[Data to process — start]

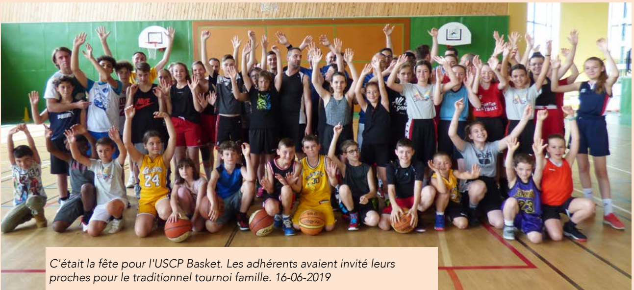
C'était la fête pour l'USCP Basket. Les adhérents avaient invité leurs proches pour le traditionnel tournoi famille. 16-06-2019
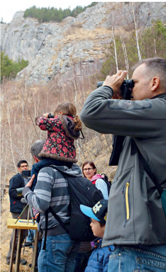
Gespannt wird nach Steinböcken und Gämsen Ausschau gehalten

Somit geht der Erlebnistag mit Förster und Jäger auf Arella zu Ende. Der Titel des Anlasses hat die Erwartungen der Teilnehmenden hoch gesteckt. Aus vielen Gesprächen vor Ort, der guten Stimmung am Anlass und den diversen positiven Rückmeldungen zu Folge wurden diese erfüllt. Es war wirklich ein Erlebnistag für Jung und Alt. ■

[Data to process — finish]
[Data to process — start]

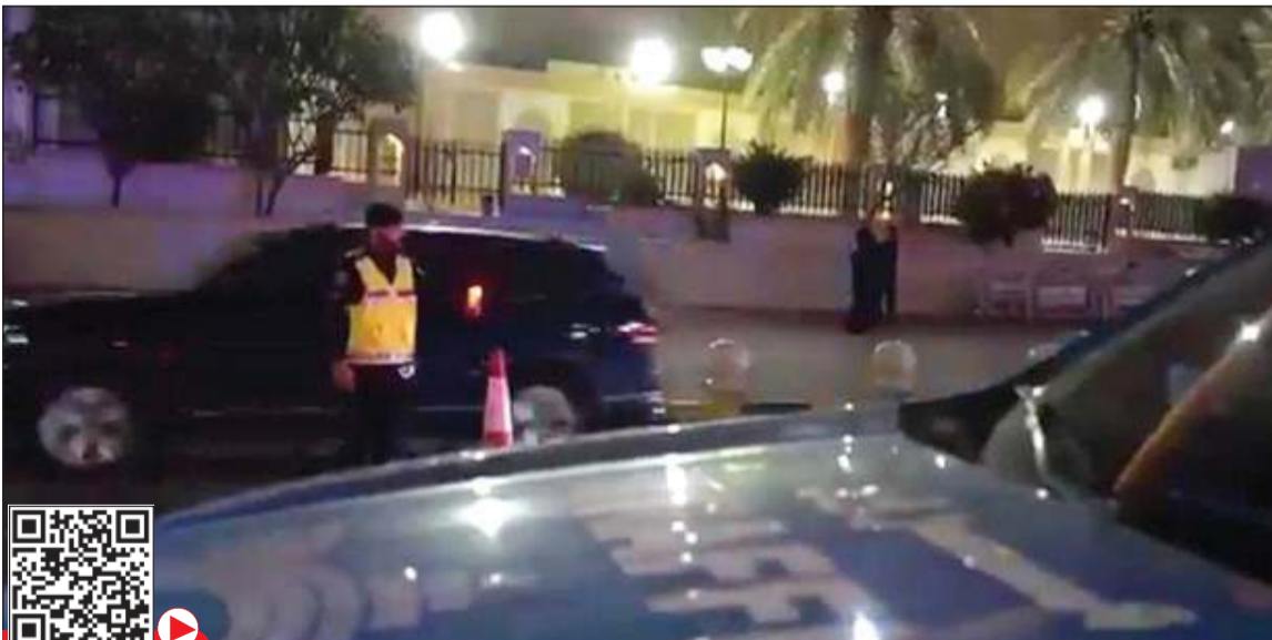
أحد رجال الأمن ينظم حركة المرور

[Data to process — finish]
[Data to process — start]

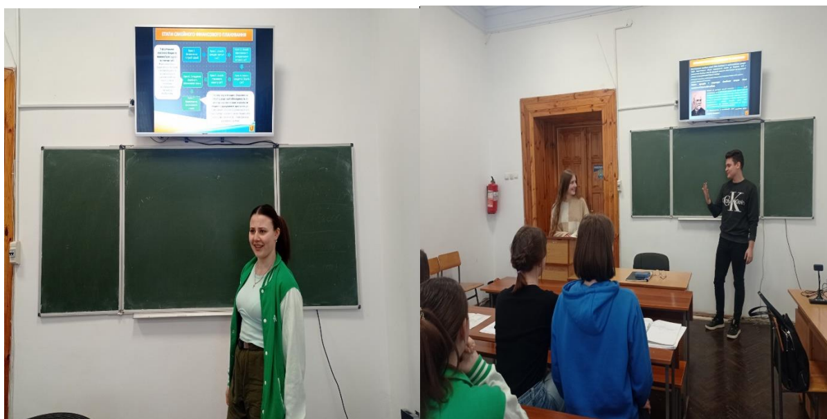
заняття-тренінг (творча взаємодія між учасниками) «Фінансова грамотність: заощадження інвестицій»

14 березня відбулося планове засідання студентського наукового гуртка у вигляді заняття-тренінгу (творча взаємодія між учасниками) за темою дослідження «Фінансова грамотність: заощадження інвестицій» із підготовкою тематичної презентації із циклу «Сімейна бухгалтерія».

[Data to process — finish]

Task brief: Please reproduce exactly the lines in the listing above from the one containing "Gespannt wird nach" through the one containing "Somit geht der", both included, and nothing more.

Reply:
Gespannt wird nach Steinböcken und Gämsen Ausschau gehalten

Somit geht der Erlebnistag mit Förster und Jäger auf Arella zu Ende. Der Titel des Anlasses hat die Erwartungen der Teilnehmenden hoch gesteckt. Aus vielen Gesprächen vor Ort, der guten Stimmung am Anlass und den diversen positiven Rückmeldungen zu Folge wurden diese erfüllt. Es war wirklich ein Erlebnistag für Jung und Alt. ■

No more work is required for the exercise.